The Rev. Robert Fleischmann of Richfield, Wis., national director of Christian Life Resources, spoke during a third plenary session. Through personal anecdotes and stories, he reminded the attendees that coming to be life-affirming requires “growing up” into those beliefs, something that often takes time and much discussion.
The Rev. David Fleming of Grand Rapids was attending an LFL conference for the first time, and indicated that he finds great benefit in being involved in life issues.
“It teaches us to value our lives and our gifts all the more,” Fleming said, “and to recognize the immense kindness and love of our God toward us. All of these things put us at the end of ourselves. We can’t fix this society; we can’t fix people in all sorts of difficult situations. Only our Lord can. We’re not in control, and we have to rely on Him to carry us through it.”
Lauren Brandt, from Ann Arbor, Mich., also was a first-time conference attendee.
“I wanted to know how to discuss things from the beginning of life to the end of life from a Lutheran perspective,” she said. “It’s been helpful to hear from all the presentations to try and comfort people, not just by speaking platitudes but by speaking of living under the cross and pointing to the hope that we have in Jesus.”

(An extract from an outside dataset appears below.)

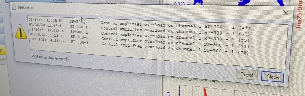 EC-Lab軟件檢測到Ewe、Eoc或者I過載時,都會彈出報錯信息。下圖就是一個提示過載的信息。本文主要介紹過載的兩種情況。

Workshops for smaller groups were presented on the Saturday of the conference. Attendees were able to choose three of the workshops, with the option to purchase recordings of the others or to listen to them online at a later date.
Workshop presenters and their topics were:
- the Rev. Robert Fleischmann — “Matters of the Heart and Issues in the Family”;
- the Rev. Max Phillips of Woodward, Iowa — “Caring for the Infirm and Elderly”;
- Katie Schuermann, Sherman, Ill. — “Facing Infertility”:
- Diane Schroeder, Lombard, Ill. — “Reaching Those Wounded By Abortion”;
- Laura Davis, St. Louis — “Relationship Status: Content In Christ”;
- the Rev. Dr. James Lamb — “Stillbirth and Miscarriage”; and
- the Rev. Jonathan Fisk, Naperville, Ill. — “Not Until I Say ‘I Do.’ ”
There also was a pre-conference track which included a presentation by Fisk on “What’s a Life Worth? — The Human Soul in the (kind of) Infinite Cosmos.”
This year’s conference also included a pastors luncheon, a prayer vigil at Heritage Clinic (an abortion clinic in Grand Rapids), a Chapter and Life Team Summit with Lori Trinche, Westmont, Ill. (Mission & Ministry coordinator for Lutherans For Life), and a Christian estate planning workshop with Jim Schroeder, Laurel, Neb.
LFL holds a conference annually in various cities throughout the United States. The conference for 2015 has been set for Oct, 30-31 at the Creation Museum in Petersburg, Kentucky. The 2015 conference theme is “Created — Redeemed — Called.”
More details can be found on the LFL website at lutheransforlife.org.
The Rev. Michael Schuermann is pastor of Good Shepherd Lutheran Church, Sherman, Ill.